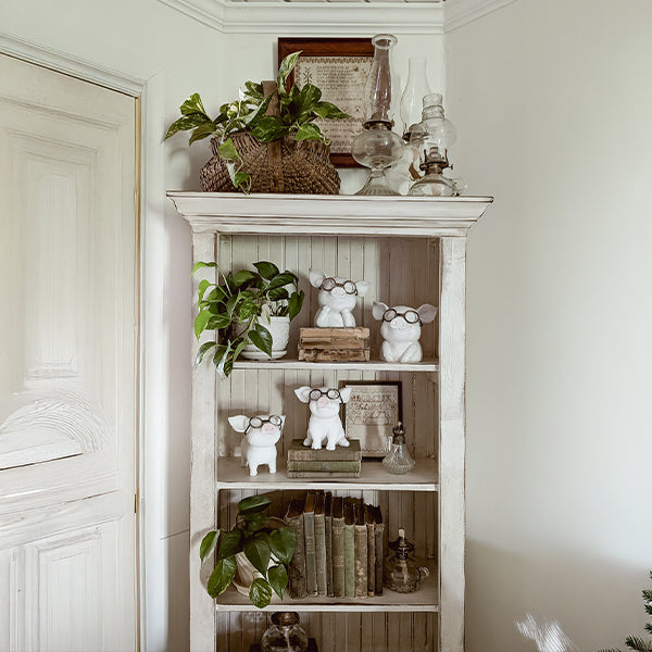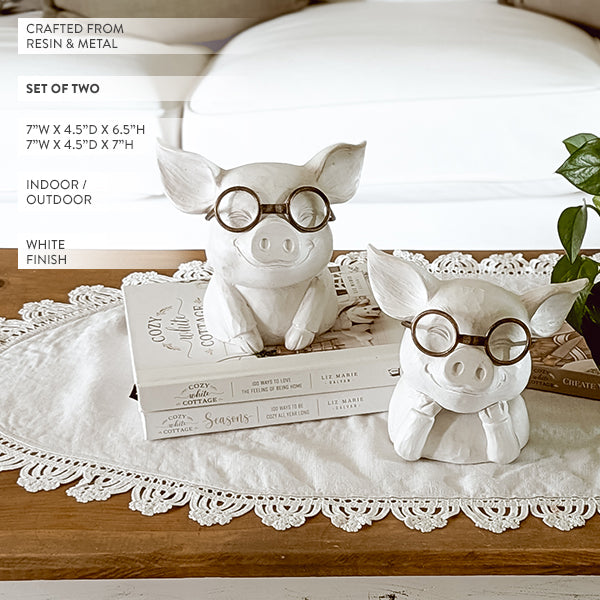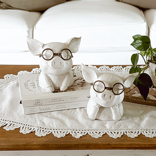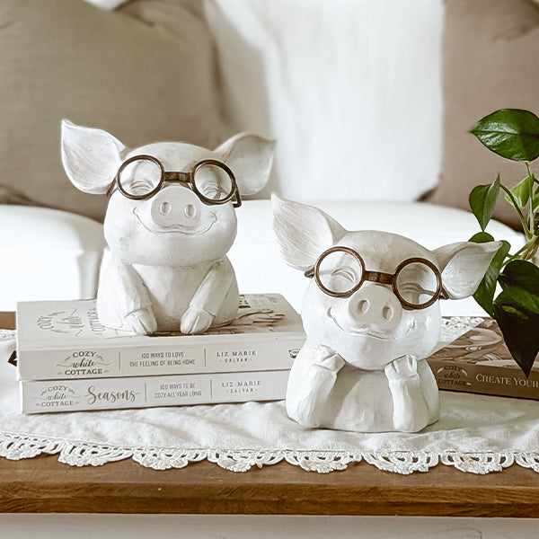 Meet your new favorite duo—our Farmhouse Friends Animal Figurines are here to steal the spotlight and your heart. This charming set of two features a pair of perfectly plump pigs, each donning reading glasses and full of personality. Whether styled on a bookshelf, entryway table, or kitchen counter, they bring a touch of humor and wholesome farmhouse flair to any nook.
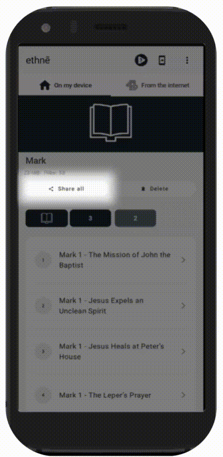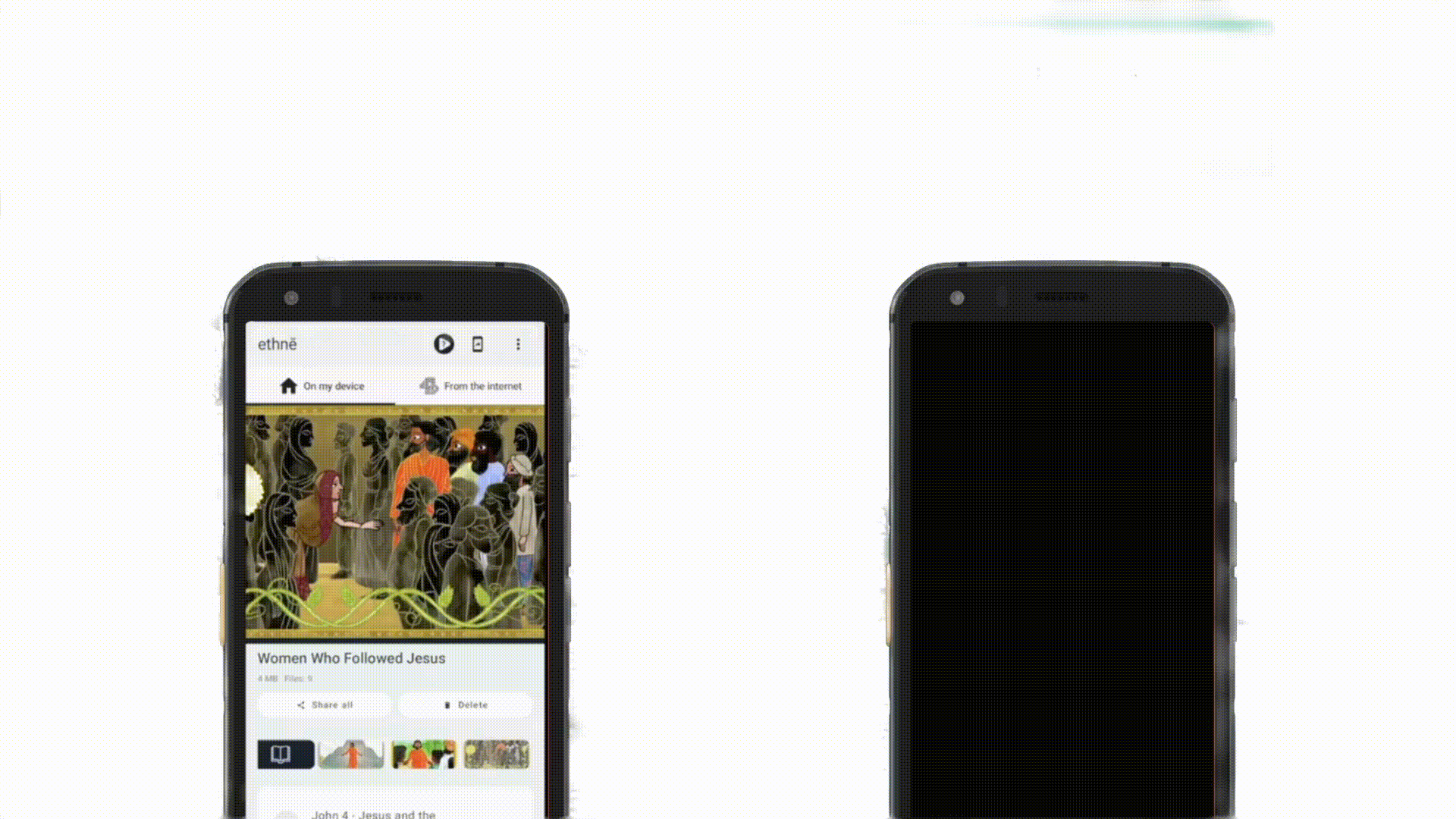 Many people might have a smartphone, but they cannot afford a data plan to download an entire audio Bible. Let's say we are in the same room and we both have an app from The Discipleship Platform. In this example, I have the New Testament Audio, and you do not. We both open our apps, and I can share the audio from the New Testament from my app to yours at Wi-Fi speeds without touching the Internet.
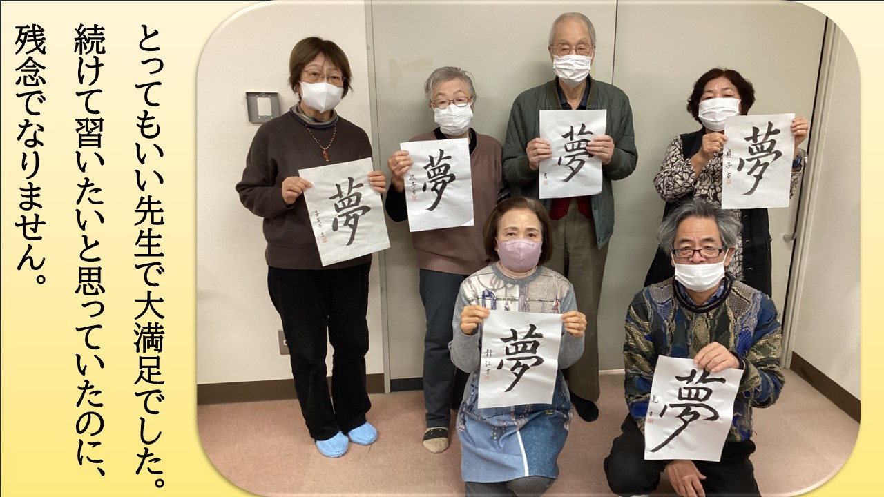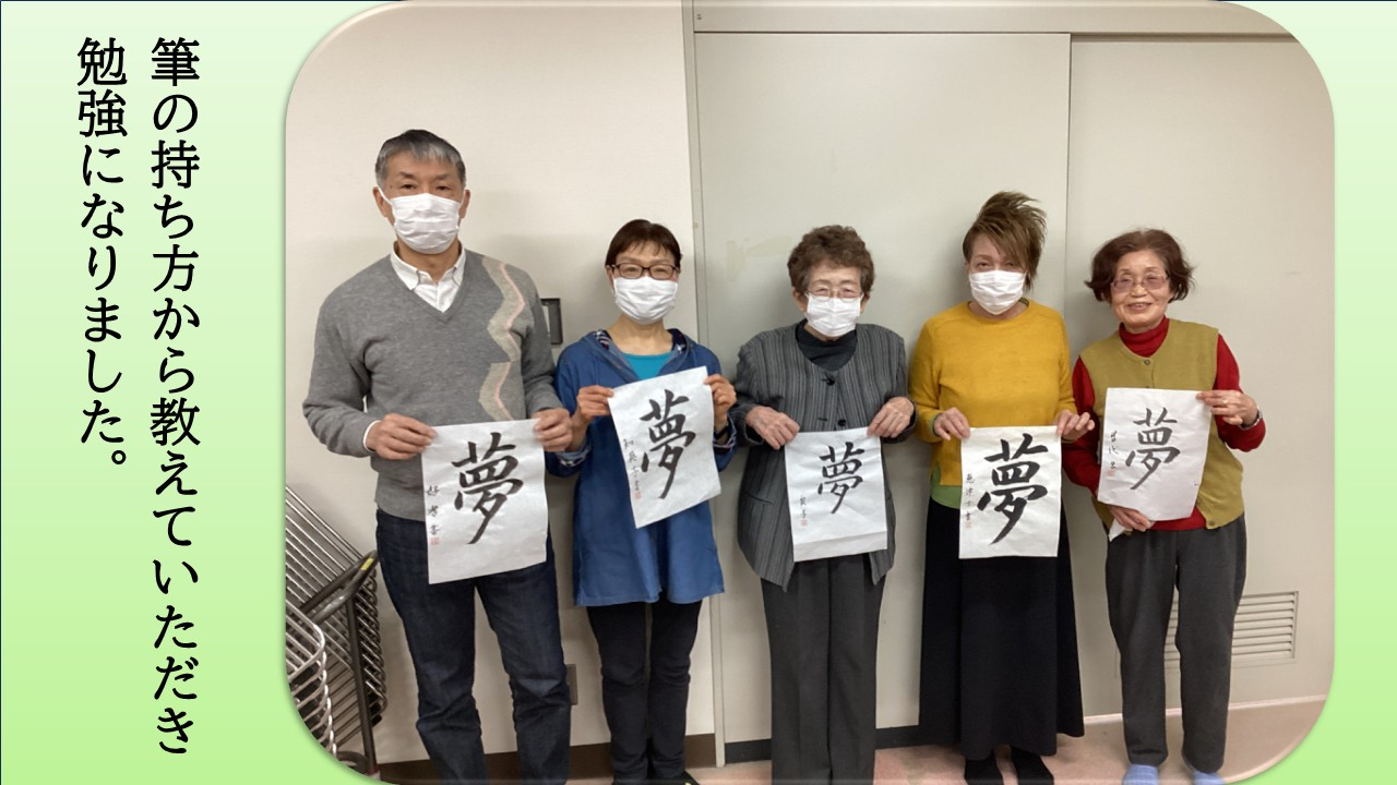 今回の書道(漢字)の受講者の方への最後のお手本、夢の力作をご覧ください。

- Exercise goal: From the line containing "Many people might" to the end of the data above, give those lines again verbatim, with both endpoints included and no images.

- Expected output:
 Many people might have a smartphone, but they cannot afford a data plan to download an entire audio Bible. Let's say we are in the same room and we both have an app from The Discipleship Platform. In this example, I have the New Testament Audio, and you do not. We both open our apps, and I can share the audio from the New Testament from my app to yours at Wi-Fi speeds without touching the Internet.
 今回の書道(漢字)の受講者の方への最後のお手本、夢の力作をご覧ください。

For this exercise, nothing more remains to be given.